◆ **Problem requirements**:
Please give back exactly the line with "Fine Silver Plated" and each line after it through the end of the material, leaving out the pictures.

◆ **Information provided**:

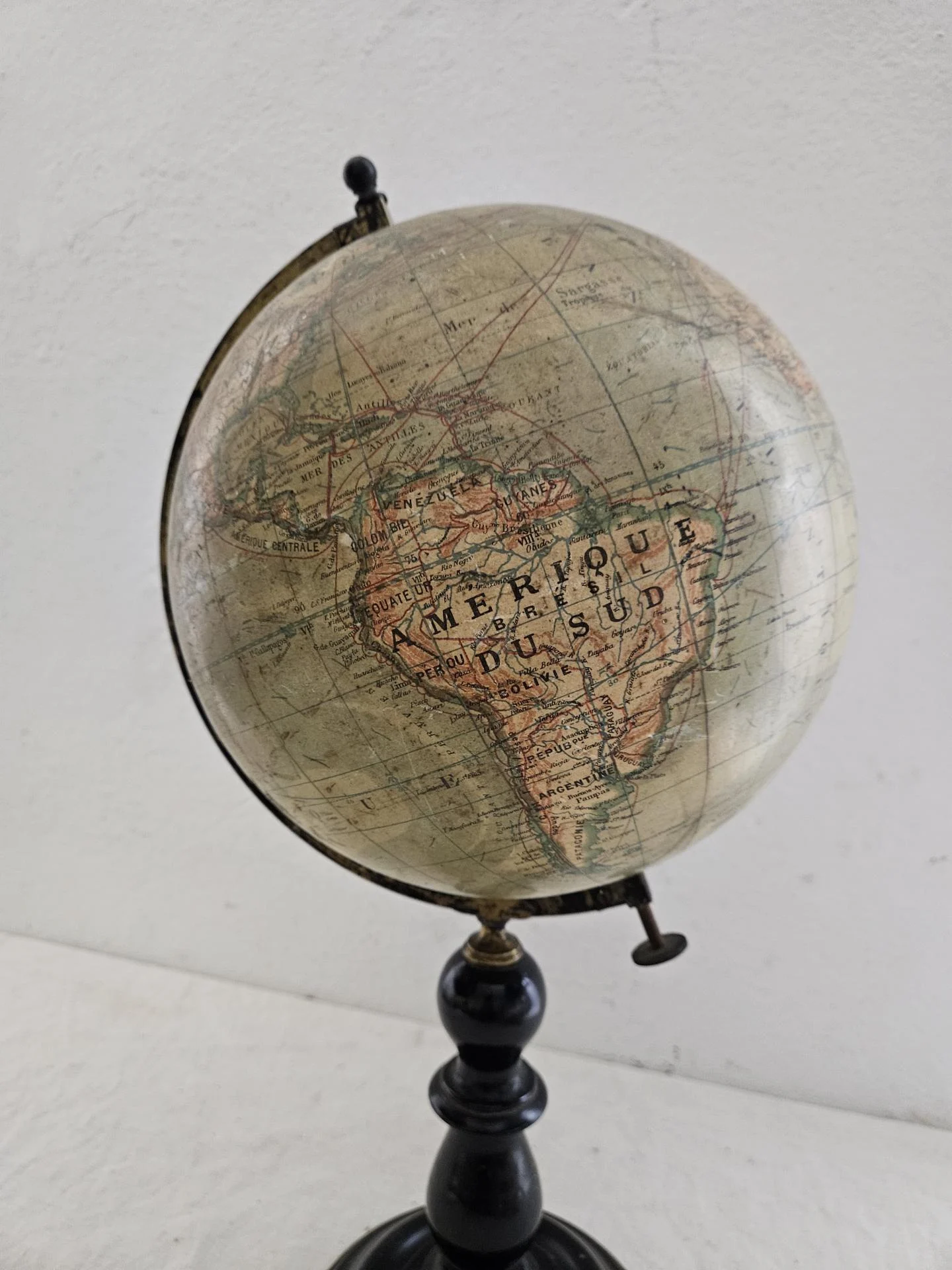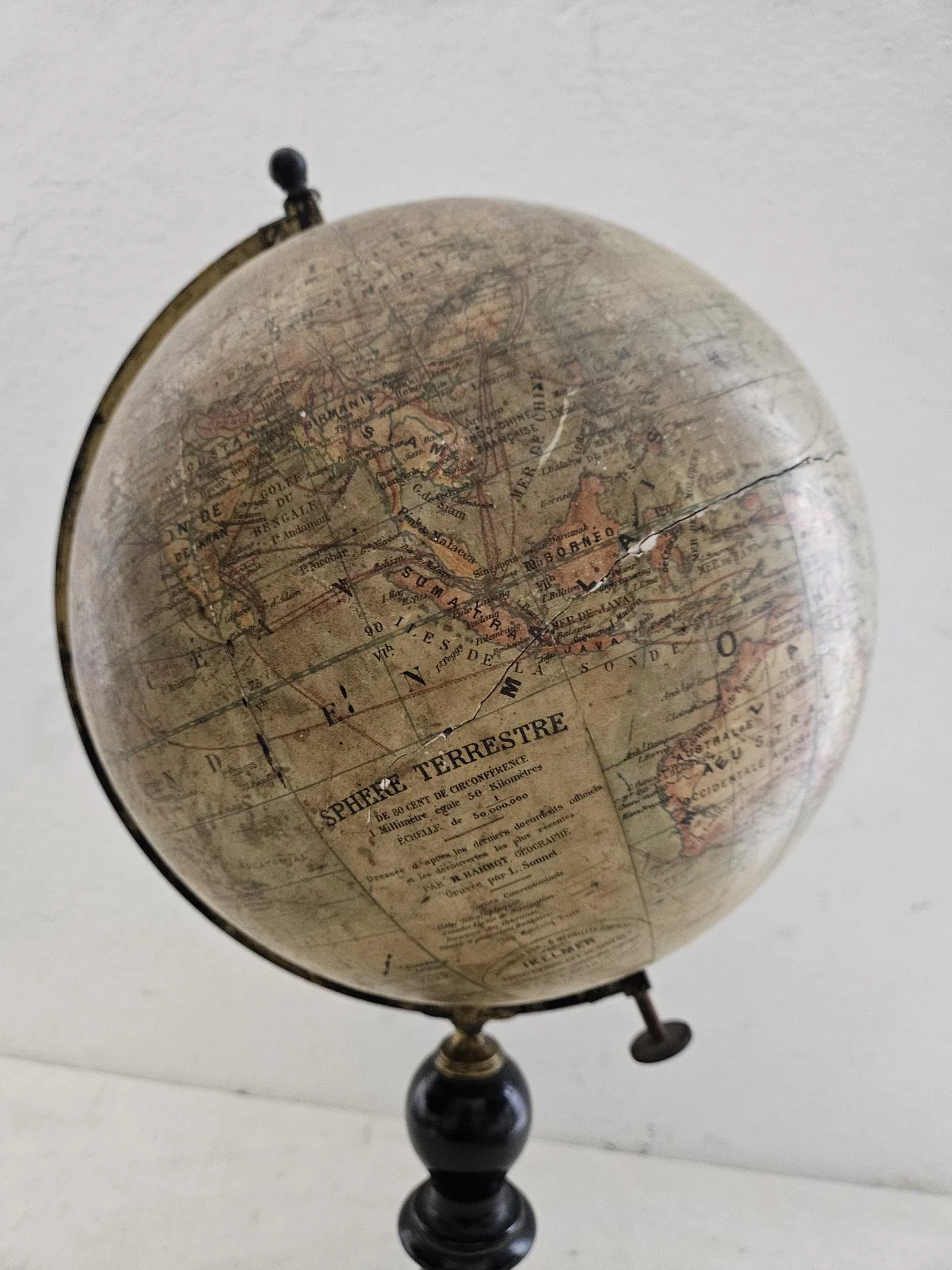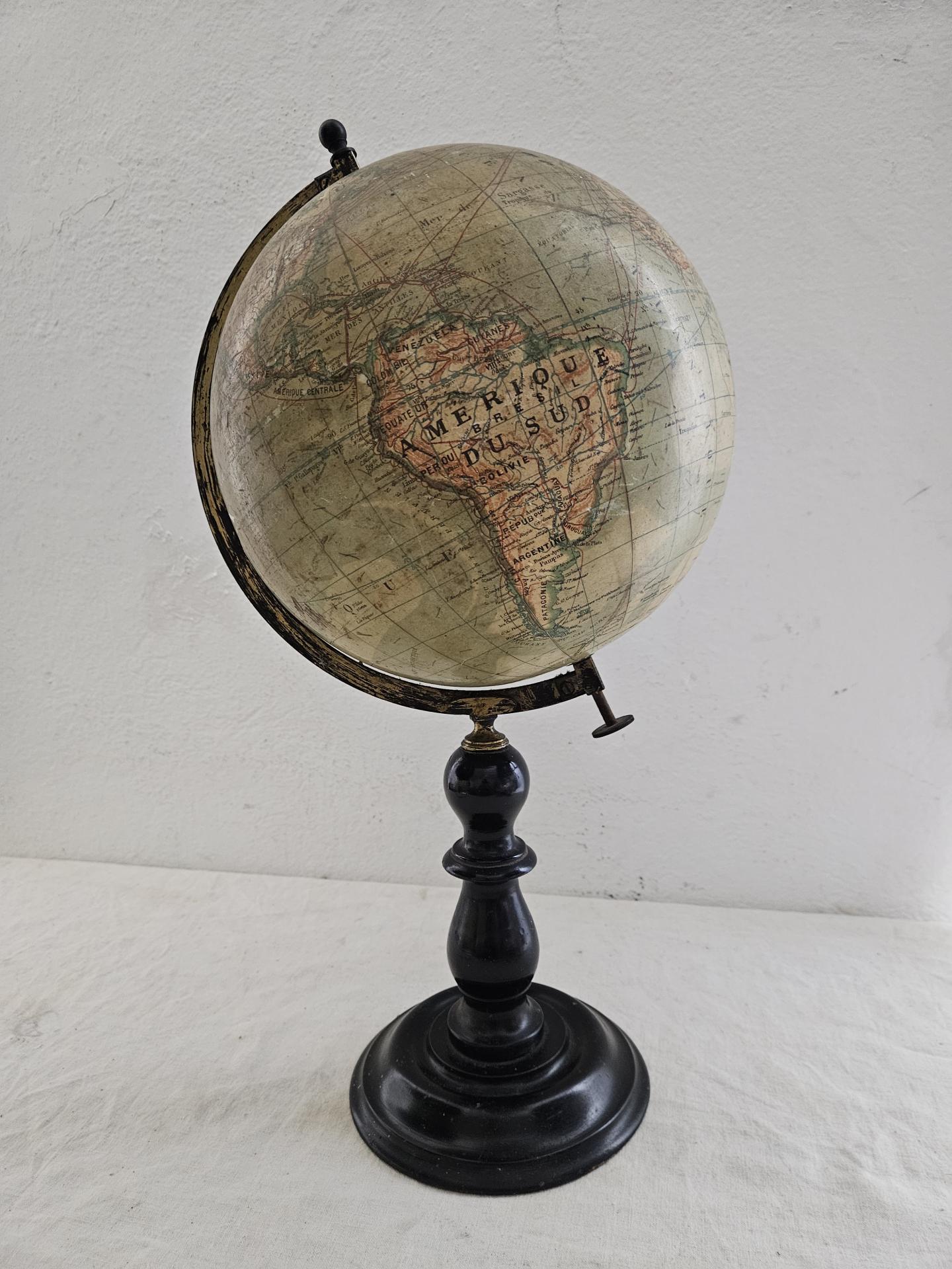 Globe terrestre fin 19ème siècle. Globe Napoléon 3 sur pied en bois noirci de la maison IKELMER Paris éditeur et fabricant de sphères. Carte en papier d'après R. Barbot. A noter traces d'usure par endroits et une fisure sur la sphère (voir photos) Le globe reste solide et se manipule facilement. Hauteur 50 cm, diamètre du globe 24 cm.
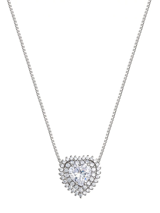 Fine Silver Plated Cubic Zirconia Heart Necklace, 18”
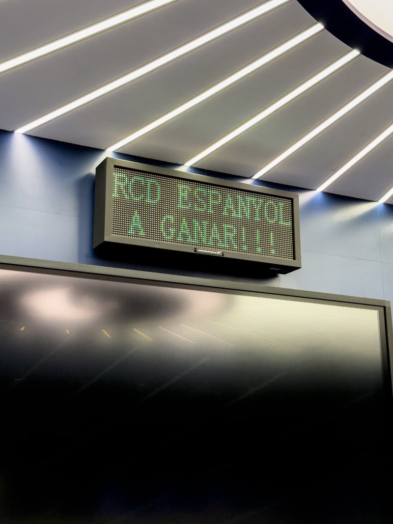 "RCD Espanyol a ganar" puede leerse en una de las pantallas del estadio.
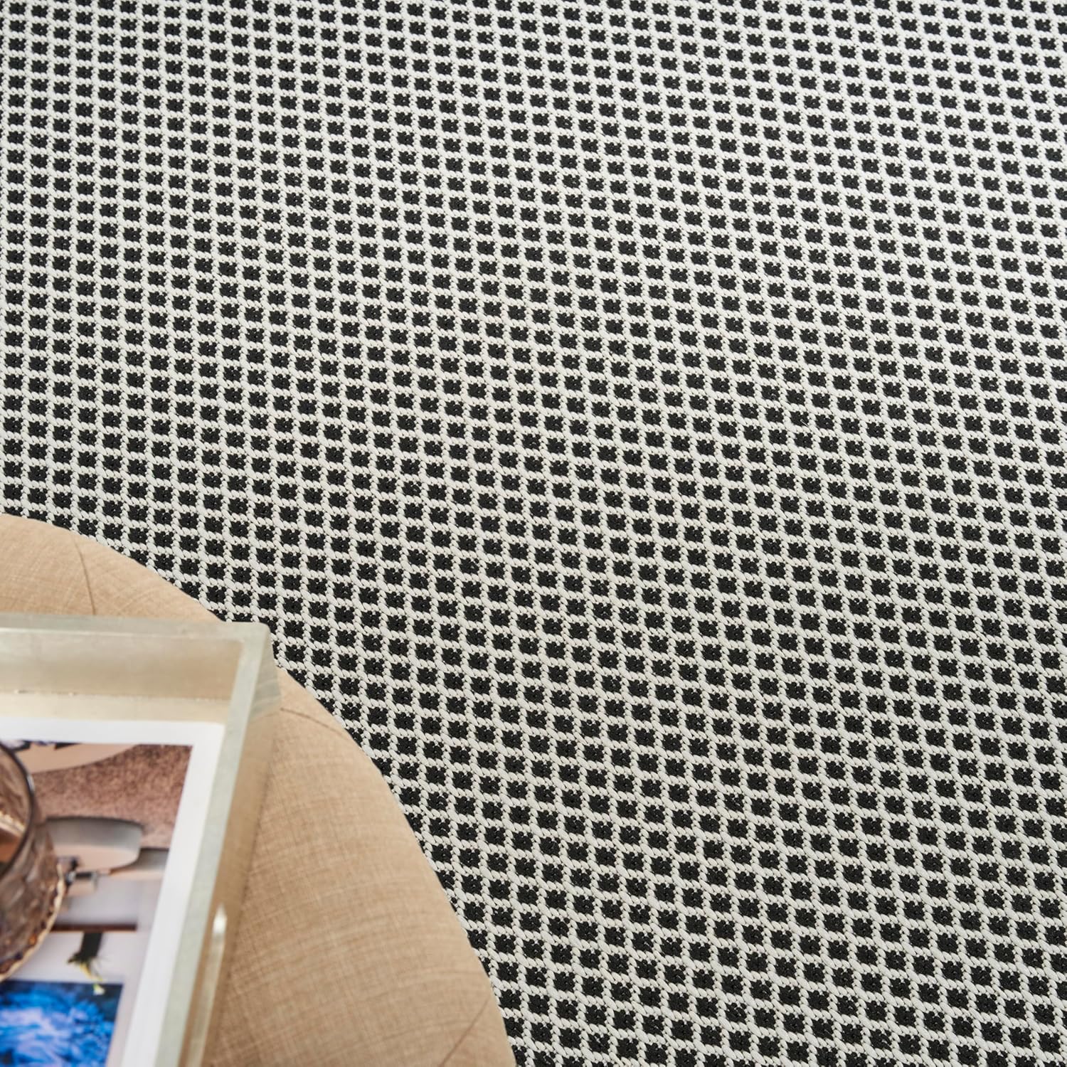 Nourison Home Courtyard Black White 10' x 14' Area Rug - Easy Clean, Non Shedding, Bed Room, Living Room, Dining Room, Kitchen (10' x 14')

◆ **Result of this exercise**:
 Fine Silver Plated Cubic Zirconia Heart Necklace, 18”
 "RCD Espanyol a ganar" puede leerse en una de las pantallas del estadio.
 Nourison Home Courtyard Black White 10' x 14' Area Rug - Easy Clean, Non Shedding, Bed Room, Living Room, Dining Room, Kitchen (10' x 14')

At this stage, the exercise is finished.